Background

Breast cancer (BC) is the most frequently diagnosed cancer in women and the second most common cancer worldwide [1]. Despite considerable advances in early detection, diagnosis, and treatment, BC is among the leading causes of cancer-related deaths in women due to recurrent metastatic disease [2]. Approximately 20 to 25% of women diagnosed with localized BC (LBC) are subjected to neoadjuvant therapy [3]. These tumors remain a noteworthy clinical problem, as a significative percentage of these patients will develop metastatic disease, despite appropriate treatment [4, 5]. Therefore, early detection of the systemic disease is especially important for improving the clinical outcomes in these patients [6]. Thus, despite the improvement of the imaging techniques and diagnostic biomarkers, they are not yet fully satisfactory, principally due to important limitations in detecting distal disease [7, 8]. In this context, liquid biopsy (LB) emerges as an increasing important tool for early tumor diagnosis, recurrence monitoring, and therapeutic guidance [9]. LB provides a non-invasive alternative to traditional “solid biopsies,” which cannot be consistently performed in certain situations, in “real time,” or as easily under recurring sampling and monitoring. LB also has significant value improving our knowledge about the metastatic processes occurring in blood. Consequently, with further clinical validation, LB could allow a better patient risk stratification and, therefore, a better patient treatment choice [10].

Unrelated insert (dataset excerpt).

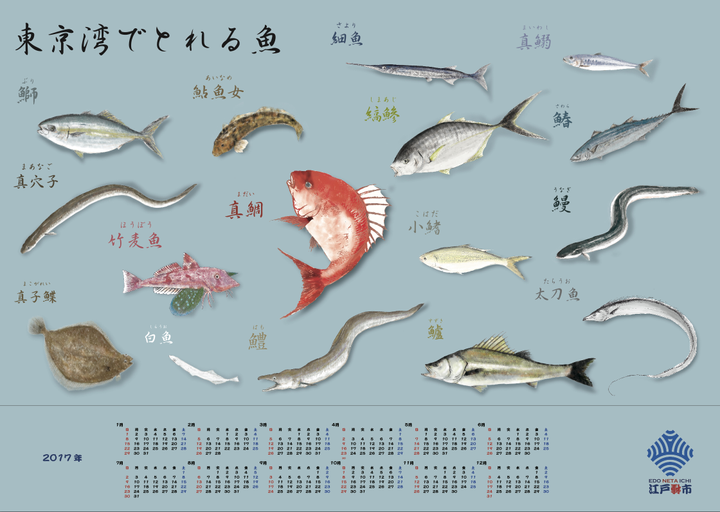学内の課題で、“東京の地産地消”を促すイベントの企画提案をグループでした際に、グッズプロモーションとして製作したポスターです。 目的はこのポスターを持ち帰って頂くことで、イベントを思い出してもらうことです。 魚のイラストは手描きで描いたものをデジタルで生き生きとした魚になるように彩色しました。このポスターを持ち帰ってからも、部屋に飾って見て頂くために、カレンダー式のポスターになっています。
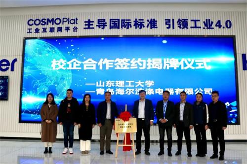 在签约仪式前,参会人员集体参观了企业工厂,了解了企业文化和工作理念,切身感受了干事创业的氛围,随后进行合作洽谈。王自强总经理对海尔5G工厂建设做了详细讲解并对公司一行的来访表示热烈欢迎。张家硕详细介绍了卓越工程师培养计划项目细则,具体涵盖了项目背景、流程节点与需求及培养方案等。随后孙钦泉副处长发表讲话,先后介绍了公司概况、服务社会和校城融合现状以及公司团队力量、团队建设、专业设置和办学发展理念,并对多年来海尔集团与公司的长期合作交流表示感谢,对本次签约仪式的成功举办以及校企双方更深层次的合作给予美好的期待和展望。王潇伟副书记对海尔的卓越工程师PEDP育人模式表示充分肯定,对“3.5+0.5”的校企培养模式展开了研讨交流会,并就教育部供需对接就业育人项目展开详细交流。随后,校企双方领导和相关负责人就项目细则展开讨论。交流结束后,双方领导现场签订了校企合作协议书并举行了“必威西汉姆联老员工就业实践基地”挂牌仪式。

The presence of circulating tumor cells (CTCs) and cell-free nucleic acids (cfNAs) such as DNA, mRNA, and microRNA in blood has been recognized, and their clinical relevance is considered attractive as novel biomarkers [11, 12].

CTCs can be used as markers of disease progression, as early indicators of metastasis, and as mediators of drug resistance in BC [13, 14].

The interest of exosomal microRNAs (EmiRs) in cancer has been vastly intensified [15]. In fact, aberrantly expressed microRNAs in tissues, serum/plasma, and CTCs have been explored in the development of new BC biomarkers [16,17,18]. However, this has not yet been proved to be successful, mainly due to confounding factors impacting levels of circulating miRNAs and potentially compromising their potential as disease biomarkers [19]. In response to this, exosomes are suggested, as containers of miRNAs, to solve these problems [20].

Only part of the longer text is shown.